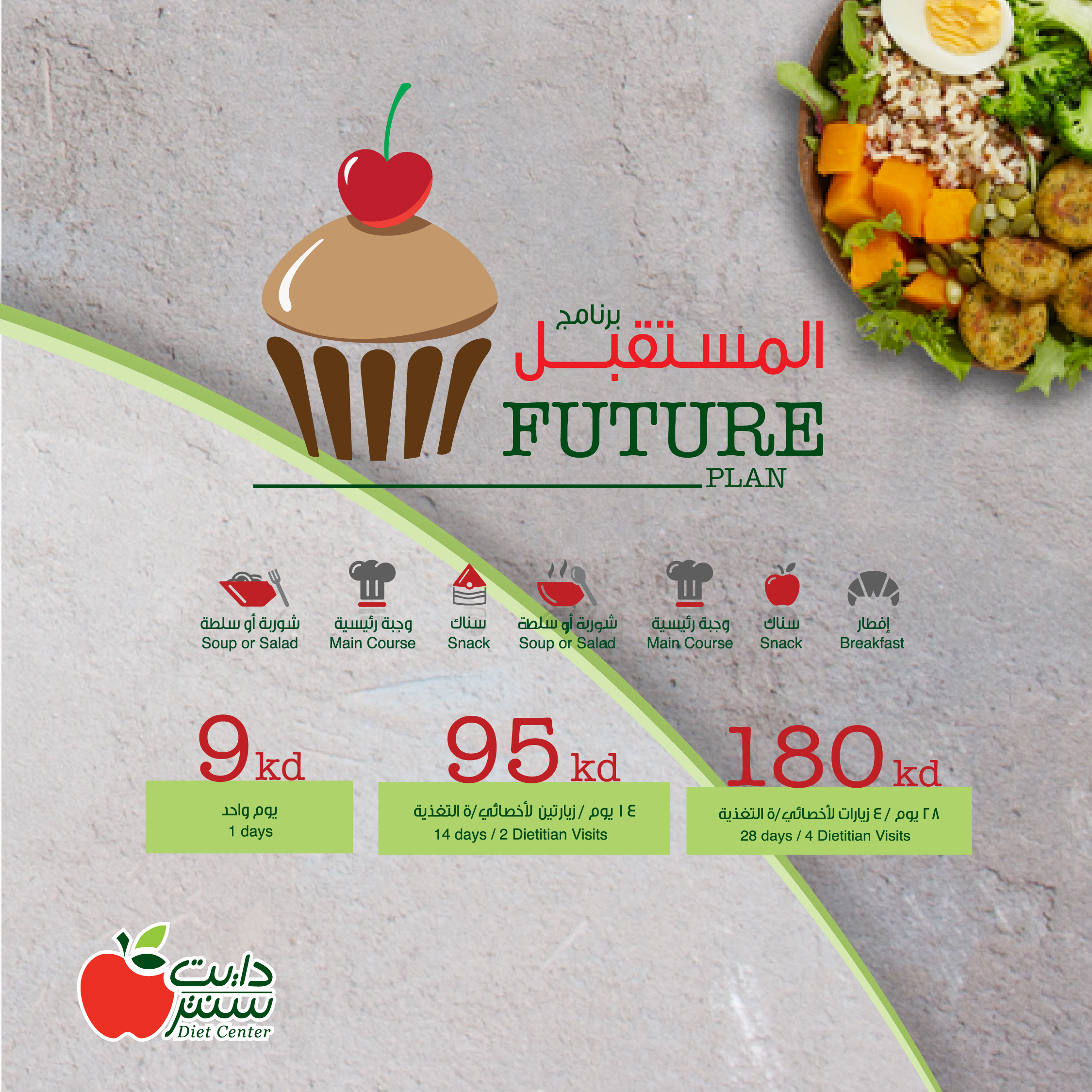 Diet Center is a well-established nutrition and healthy lifestyle brand in Kuwait, offering customized meal plans and diet programs tailored to individual health goals. The brand focuses on balanced nutrition, weight management, and promoting a healthier way of living.
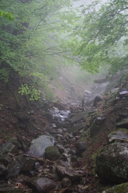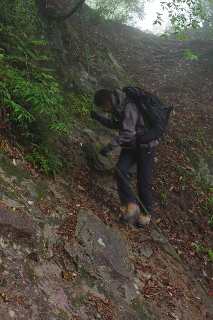 足元が濡れているので、石の上、ぬかるみが多く斜面は滑りやすかったです。
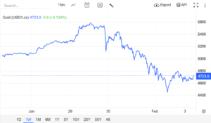 Giá vàng thế giới giao ngay trên thị trường châu Á lúc 6 giờ 15 sáng nay ngày 3/2 (giờ Việt Nam) giao dịch ở quanh ngưỡng 4.723 USD/ounce, giảm 2 USD/ounce so với cùng thời điểm ngày hôm qua.
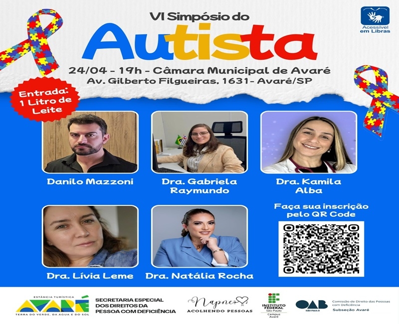 O 6º Simpósio do Autismo tem apoio do campus avareense do Instituto Federal de São Paulo (IFSP), da OAB de Avaré e do Núcleo de Apoio às Pessoas com Necessidades Educacionais Específicas (NAPNE) do IFSP.
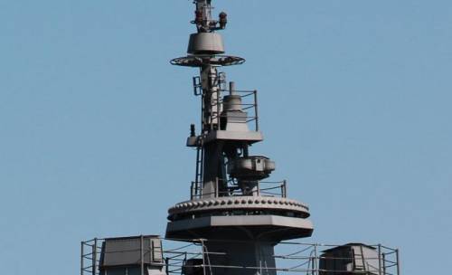 【秋月级桅杆特写,环形天线上方就是电子战系统天线】
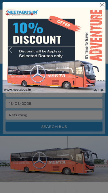 75%neeta tours and travels - online bus ticket booking, bus booking, volvo non ac bus booking, bus ticket booking, bus tickets, bus reservation
━━━━━━━━━━━━━━━━━━━━━━━━━━━━━━
-- ABOUT THIS EXERCISE --
Transcribe the listing verbatim, pictures excluded.

-- EXERCISE OUTPUT --
 Diet Center is a well-established nutrition and healthy lifestyle brand in Kuwait, offering customized meal plans and diet programs tailored to individual health goals. The brand focuses on balanced nutrition, weight management, and promoting a healthier way of living.
 足元が濡れているので、石の上、ぬかるみが多く斜面は滑りやすかったです。
 Giá vàng thế giới giao ngay trên thị trường châu Á lúc 6 giờ 15 sáng nay ngày 3/2 (giờ Việt Nam) giao dịch ở quanh ngưỡng 4.723 USD/ounce, giảm 2 USD/ounce so với cùng thời điểm ngày hôm qua.
 O 6º Simpósio do Autismo tem apoio do campus avareense do Instituto Federal de São Paulo (IFSP), da OAB de Avaré e do Núcleo de Apoio às Pessoas com Necessidades Educacionais Específicas (NAPNE) do IFSP.
 【秋月级桅杆特写,环形天线上方就是电子战系统天线】
 75%neeta tours and travels - online bus ticket booking, bus booking, volvo non ac bus booking, bus ticket booking, bus tickets, bus reservation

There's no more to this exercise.